The recognition performance analysis of RIMFRA is done in two ways: 1- Training-based recognition performance analysis 2- Similarity-based recognition performance analysis. Since RIMFRA runs on color images, all images in each non-colored dataset are initially converted to RGB color space. To do this, a conversion map is generated by taking a reference colored image and its non-colored version. A best possible map is tried to be created for the conversion purpose. As is known, it is not possible to find a complete conversion map from gray to RGB conversion. Therefore, it is tried to find the best possible conversion map. Because the images of the Face94 data set are originally in a colored form, they give the best results during simulations. However, because other data sets consist of non-colored images, these images are first converted to RGB and then processed. The conversion process is unclear as it is approximate, which naturally affects the results.

3.2.1 Training-based recognition performance analysis

At this stage, supervised learning is used during classification. %80 of each individual’s images in each dataset is used for training and the remaining images of the individuals are used for testing. Table 18 shows the performance results of RIMFRA and the-state-of-the-art methods in terms of recognition accuracy. As it can be seen in Table 18, RIMFRA performs promisingly well when compared to other methods in terms of classification accuracy analysis using supervised learning. RIMFRA performs remarkably even on the challenging datasets CAS-PEAL-R1, JAFFE and ORL.

3.2.2 Similarity-based recognition performance analysis

At this stage, recognition performance measurement of RIMFRA and the-state-of-the-art methods are done by implementing similarity analysis between the feature sets of the images.

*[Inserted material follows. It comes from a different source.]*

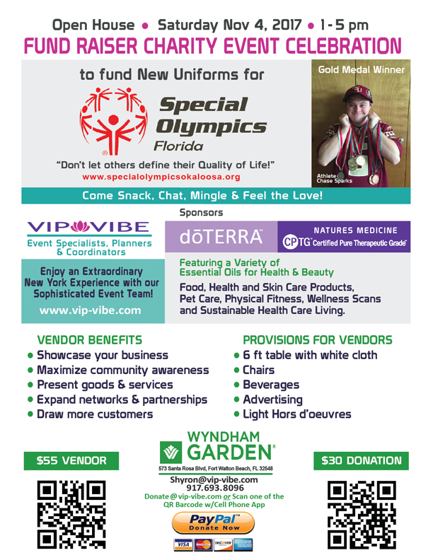Showcase your Wellness Advocate skills and special essential oil talent/s at this event for a nominal registration fee of $55 - to cover expenses. Do not hesitate to be are part of this exciting celebration. We can only accommodate 14 tables/vendor spots at this event. Proceeds go to fund New Uniforms for our local Okaloosa Special Olympics Team. Please click on the button to reserve your table today:

That is, the feature set of the image that is being searched is calculated and then compared to the feature sets of each image in the dataset. If the tag of the most similar image found matches up with the tag of the image that is being searched, that shows a hit (true-positive), otherwise a miss (false-positive). Table 19 figures out the recognition accuracy performances of each method in each dataset. As clarified in the table, RIMFRA competes with the other methods even on the challenging datasets without any training, that is without any knowledge.

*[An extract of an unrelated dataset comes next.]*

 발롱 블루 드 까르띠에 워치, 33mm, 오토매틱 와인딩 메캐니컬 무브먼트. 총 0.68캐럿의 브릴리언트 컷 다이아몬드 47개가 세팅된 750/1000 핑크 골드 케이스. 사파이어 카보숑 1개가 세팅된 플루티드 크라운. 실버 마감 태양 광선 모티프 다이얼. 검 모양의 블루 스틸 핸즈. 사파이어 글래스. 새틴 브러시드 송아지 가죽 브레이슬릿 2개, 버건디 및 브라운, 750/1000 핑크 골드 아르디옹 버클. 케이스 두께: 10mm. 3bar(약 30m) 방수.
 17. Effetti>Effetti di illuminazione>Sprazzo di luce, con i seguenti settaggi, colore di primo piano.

The final step of the simulations is to measure recognition accuracy when images are subject to rotational changes. At this point, the desired image is rotated by 90° and then the feature set is extracted. The feature set is then compared with the feature set of the non-rotated images. Not surprisingly, RIMFRA shows remarkable performance under the circumstance of rotational change as presented in Table 20.

4 Conclusion

This paper proposes a rotation-invariant multi-spectral facial recognition approach, which is highly resistant especially to rotational variances, as well as illumination changes and noise effects. Nearly all methods proposed so far have based on gray-level domain that ignores the information embodied in the color bands. The traditional view during texture extraction is considering the relationships of the pixels only in the colorless domain. However, during texture extraction, significant discriminative features can be obtained by considering the relationships between different color bands of the neighboring pixels. With this in mind, RIMFRA explores the multi-spectral relationships of pixels with their neighbors. Orthogonal polynomials are an effective way of representing 2D matrices. Thus, the resulting matrices produced in the previous step are fed to the orthogonal polynomial decomposition stage. The first few coefficients of the polynomial are the ones that the most information about the 2D matrix and also help reduce the size of the feature set. Simulation results encourage us to take the idea a step further by considering not only the RGB space but also other color spaces and combining the features of different color spaces as a compound feature set in future studies.